Phil Cannie

Personal information
- Full name: Phillip Cannie
- Date of birth: 12 November 1977 (age 47)
- Place of birth: Greenock, Scotland
- Position(s): Striker

Team information
- Current team: Gourock Amateurs

Senior career*
- Years: Team / Apps / (Gls)
- 1998–2000: Port Glasgow
- 2000–2001: Clyde / 15 / (2)
- 2001–2002: Pollok
- 2002–2010: Greenock Morton / 57 / (7)
- 2001: Kilwinning Rangers
- Kirkintilloch Rob Roy
- Maryhill
- Neilston
- Johnstone Burgh
- Largs Thistle
- Sporting Larkfield (A)
- Gourock Amateurs

= Phil Cannie =

Scottish footballer

Phillip Cannie (born 12 November 1977 in Greenock), is a Scottish football striker who plays for Scottish amateur side Sporting Larkfield F.C.

Cannie began his career with Port Glasgow, and stepped up to the senior game with Clyde in the summer of 2000. He scored on his Clyde debut, in a 2-1 Scottish Challenge Cup defeat against Ross County. He also scored on his league debut the following month against Airdrie, but he found first team chances limited at Broadwood Stadium, and left in March 2001, after scoring 3 goals in 16 appearances.

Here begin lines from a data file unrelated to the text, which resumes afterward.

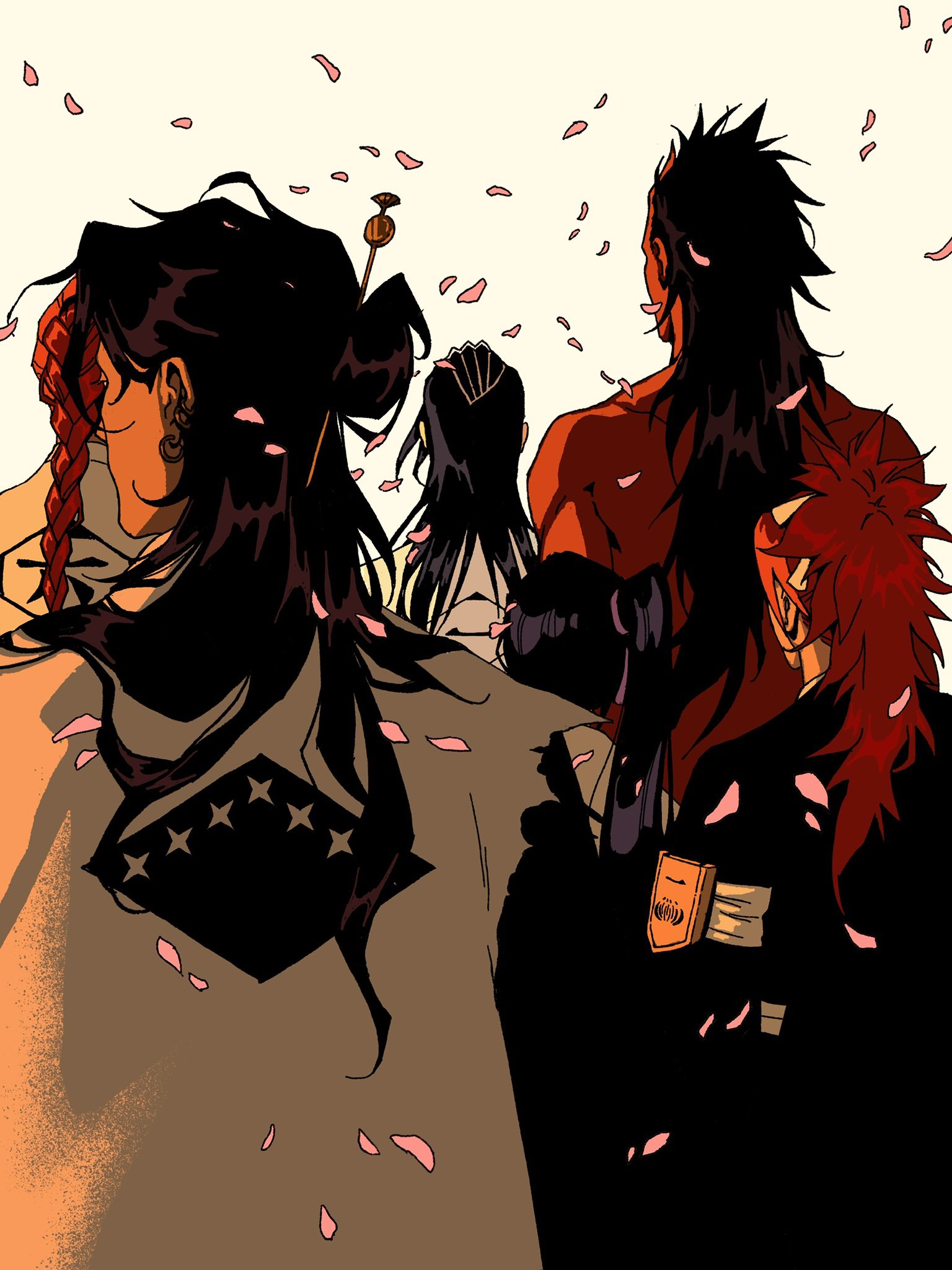 abarai_renji back black_hair black_kimono bleach braid braided_ponytail character_request falling_petals father_and_child father_and_daughter hair_bun half_updo highres japanese_clothes kimono kuchiki_rukia long_hair mother_and_child mother_and_daughter parent_and_child petals pink_petals side_ponytail simple_background size_difference teatimebanter topless_male upper_body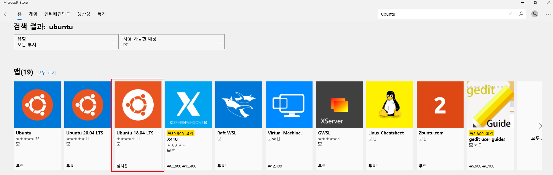WSL는 설치가 끝났는데요. 이제 리눅스 운영체제를 설치하면 됩니다. Microsoft store에서 Ubuntu를 검색해서 18.04 또는 20.04버전을 설치합니다.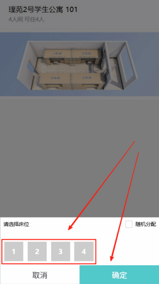 点击房间后出现如下图所示床位号选择框,勾选后点击确认则选房成功(注:只允许选择一次床位,谨慎确认):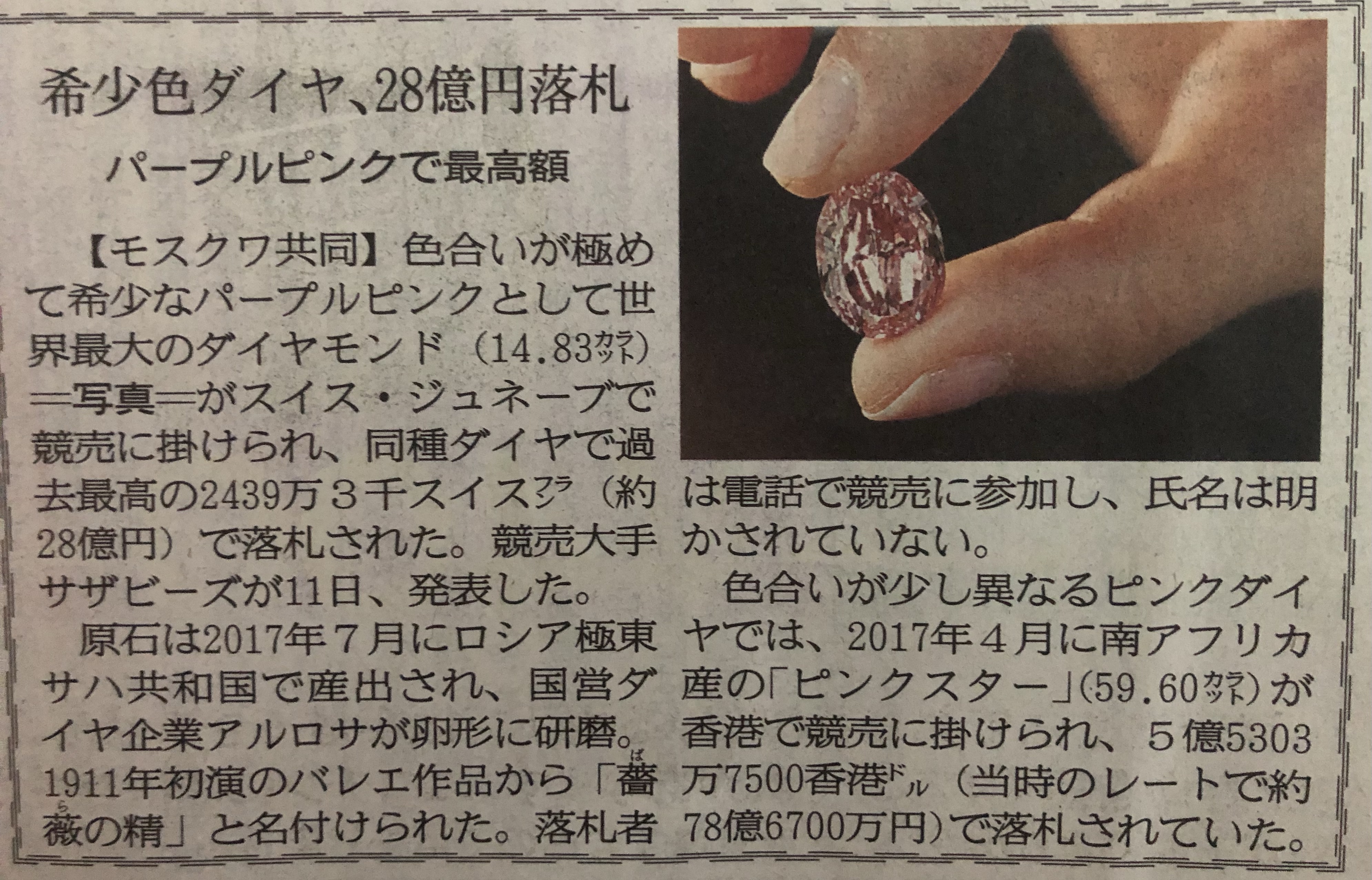 14ct ピンクダイヤモンド落札 2020年11月19日 by ijima パープルピンクの極めて濃い14ctのダイヤモンドがオークションで28億円で落札されました。 四国新聞より オーストリアのアーガイル鉱山は今年で産出を辞めて閉山するので、ピンクダイヤモンドの価値はどんどん高くなってきています。 今後も注目のアイテムですね

He went back to the juniors with Pollok, before joining his hometown team Greenock Morton. He stayed at Cappielow for just over two years, before returning to the junior leagues to play for Kilwinning Rangers, Kirkintilloch Rob Roy, Maryhill, Neilston, Johnstone Burgh and finally Largs Thistle. He now plays amateur football for Scottish amateur side Gourock Amateurs.